Helping clients understand what they want — their intention or why — is the first step to discovering, resolving and eliminating their emotional and bodily pain, explained Firass El Fateh, owner of OPEX Abbotsford in British Columbia.

They have to “dig very deep with their exact reason for doing all this,” El Fateh said. It starts on the first day. “It’s about setting expectations from the first consultation. Carry out the assessment together and give the client a clear picture of the situation of his body,” he added.

On an emotional level, if clients are honest about what they are really willing to sacrifice, such as losing 50 pounds, they are more likely to shed their emotional baggage and work to solve their problem.

In practice, your customers can understand your limitations if you subject them to a thorough evaluation.

For example, if your client knows that he has not passed a shoulder flexion test, he is more likely to respect the fact that maybe moving over a barbell is still not a good idea. Perhaps this is even the reason why they are still suffering. From there, you can follow a path that will help you correct this weakness and overcome the pain.
The change in mentality begins with the awareness of what is causing the emotional pain, the bodily pain and the understanding of what you want to achieve.

Step 2 : The beauty of simplicity

Remember the saying in elementary school: keep it simple, foolish?

As coaches, we are always trying to reinvent the wheel to keep people interested and show our knowledge. Another lesson I learned from PCC OPEX was the beauty of simplicity.

This comes down, as Hardwick calls them, to the “basic lifestyle guidelines.”

That is, “start with the lifestyle,” Hardwick said.

First, you need to look at what the person did for fitness and whether they did “a series of contractions and movements that were inappropriate (for them),” Hardwick said.

See what you do the other 23 hours of the day. How are your sleep hygiene, your nutritional hygiene and your stress level? Teach them how it contributes to their pain, lack of recovery and fatigue, Hardwick added.

“If the client does not sleep well, does not drink enough water, does not get enough sunlight, there is no point in delving deeply into the design part of the program,” El Fateh added.

In addition to sleep, stress, sunlight, nutrition and other basic lifestyle guidelines, Hardwick asks coaches to take into account the number of steps the person takes each day, the amount of water they drink and the type of bowel movements they go through.

As James Fitzgerald, founder of OPEX, said, if you don’t feel comfortable telling your customers about your poo, you’re not discovered. “It’s an undeniable health barometer, or you have to tell your customers about it,” he said.

“Identify the lowest life habits,” said Hardwick, “and get closer to them before you bother to write a sophisticated exercise program that promises the world to your client.”

Step 3: Learn why.

Anyone can teach someone to squat, push, articulate, pull. Although useful for people to actually take a long-term path to better health and a pain-free life, they need to understand why they are doing what they are doing. This favors this very important buy-in, explains Hardwick.

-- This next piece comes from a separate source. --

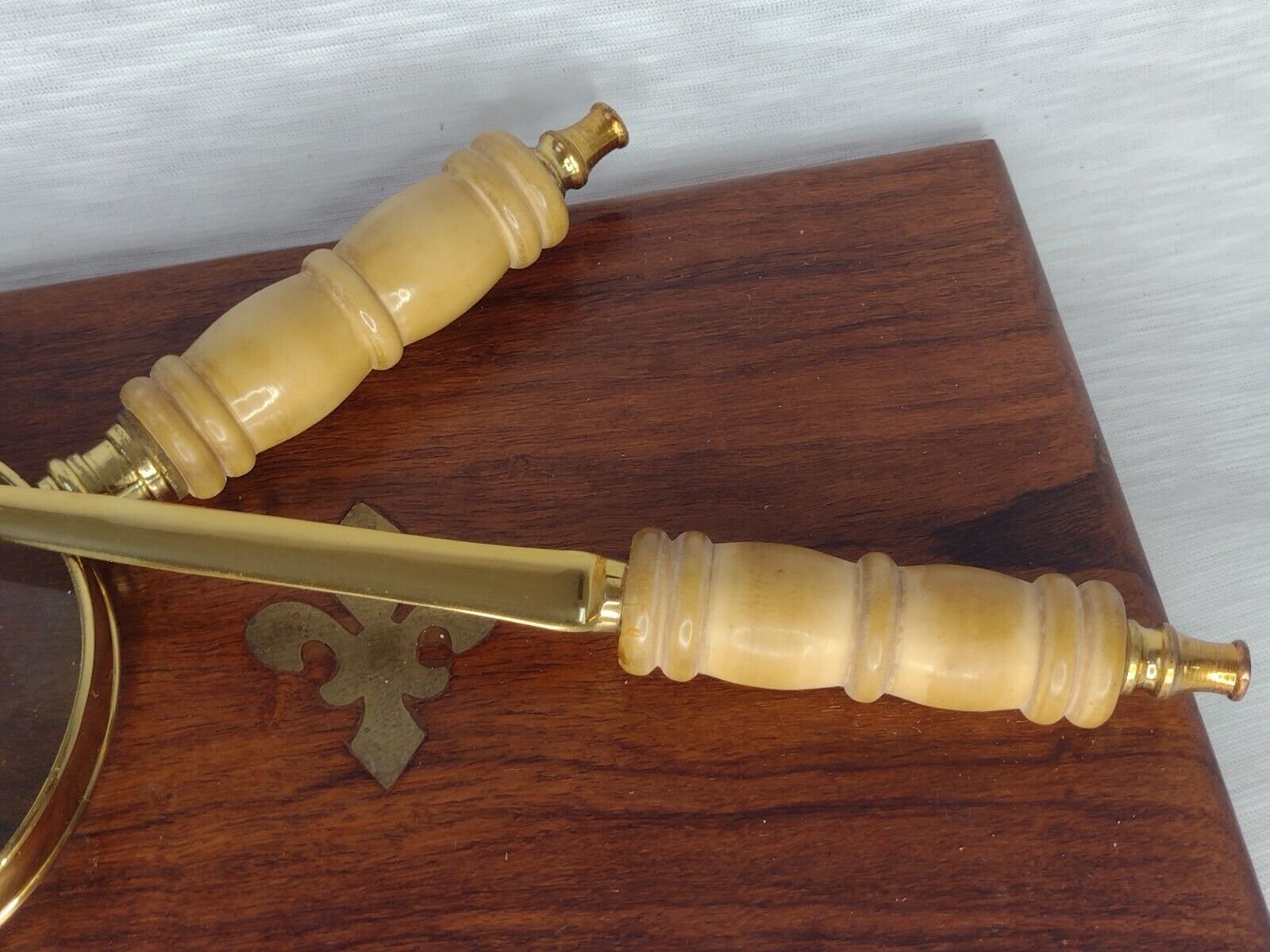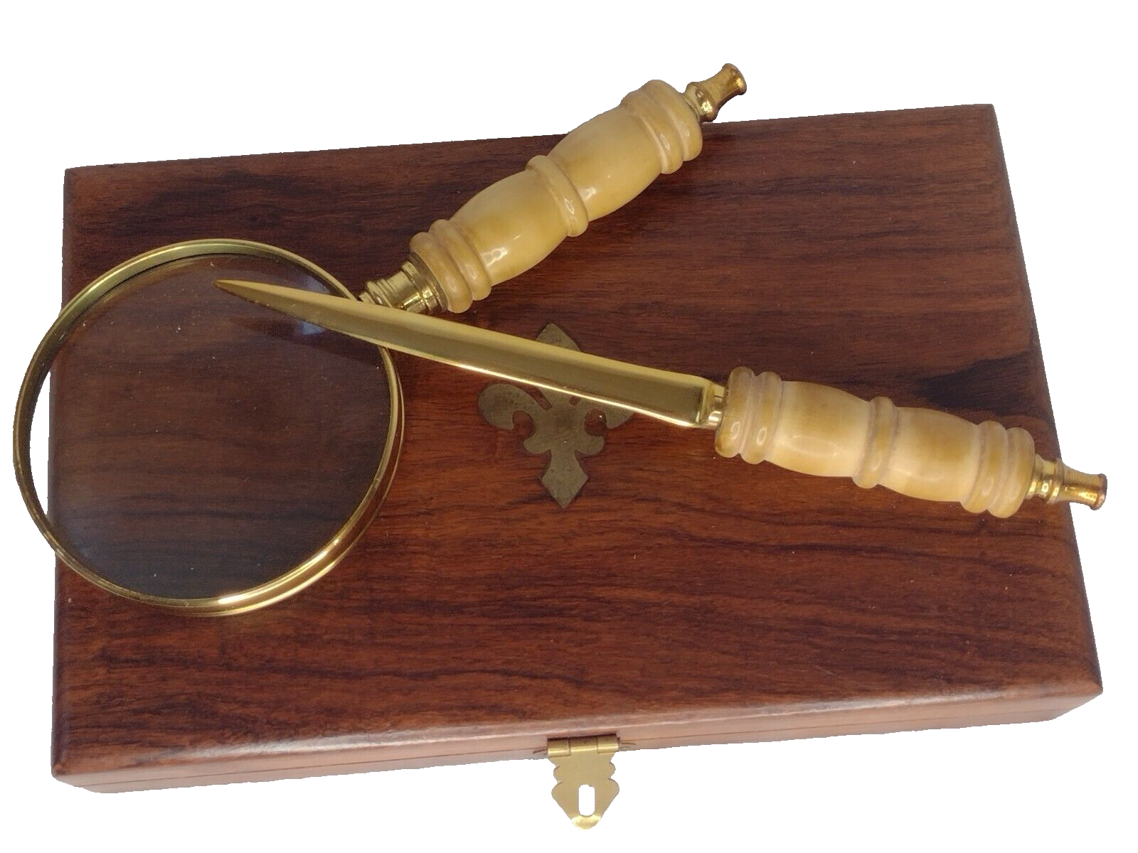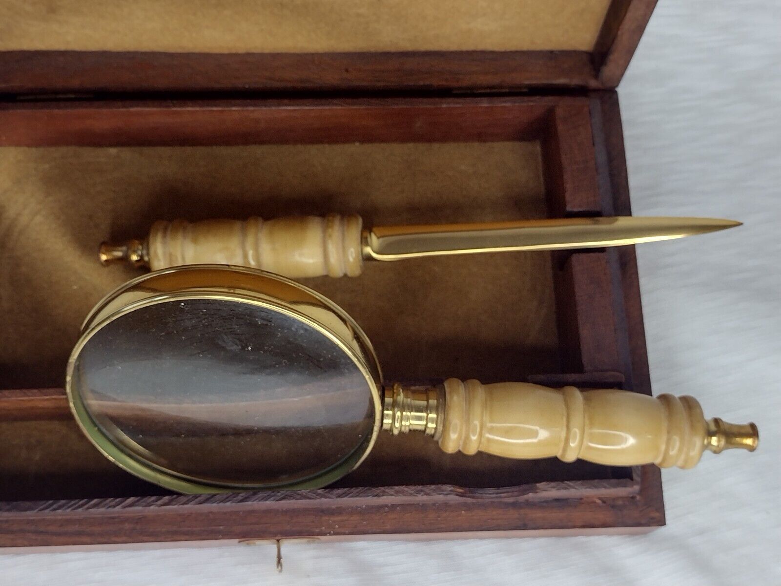 Magnifying Glass And Letter Opener Set Original Wooden Box Solid Brass Vintage
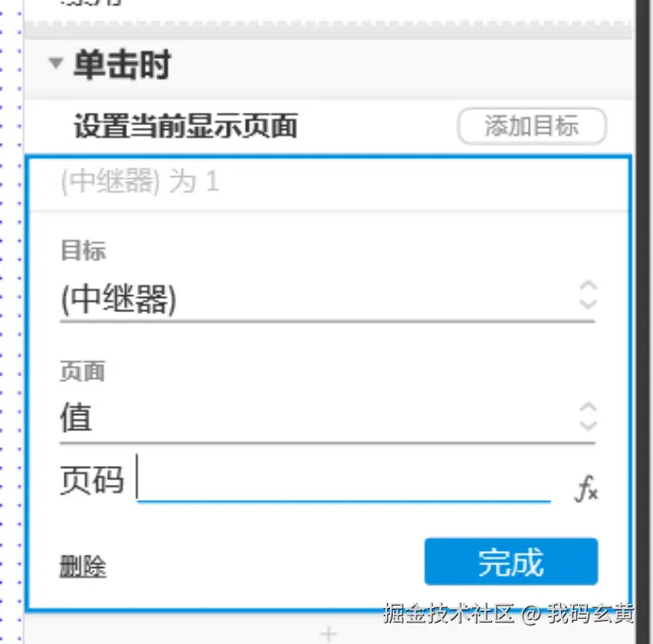 这里可以看到我们在中继器内部添加的事件,在编辑的时候【行】的版块多了一个【当前】的选项。

“It has to start with the ability to educate our customers,” Hardwick said, not only through “principles and science,” but also through his own experiences and those of other customers.

El Fateh agrees. Once his clients have a clear understanding — based on the OPEX rating he presents to them – he can now “determine how your program will get you from where you are to where you want to go,” he explained.

He added: “”Explaining why the program is important When people know why they are doing something, they are much more likely to continue doing it.”

The more empowered and autonomous your clients become, the more likely they are to make decisions when they are not looking (which is mostly the problem) that are smart for them and that ultimately help them get out of pain in the long term.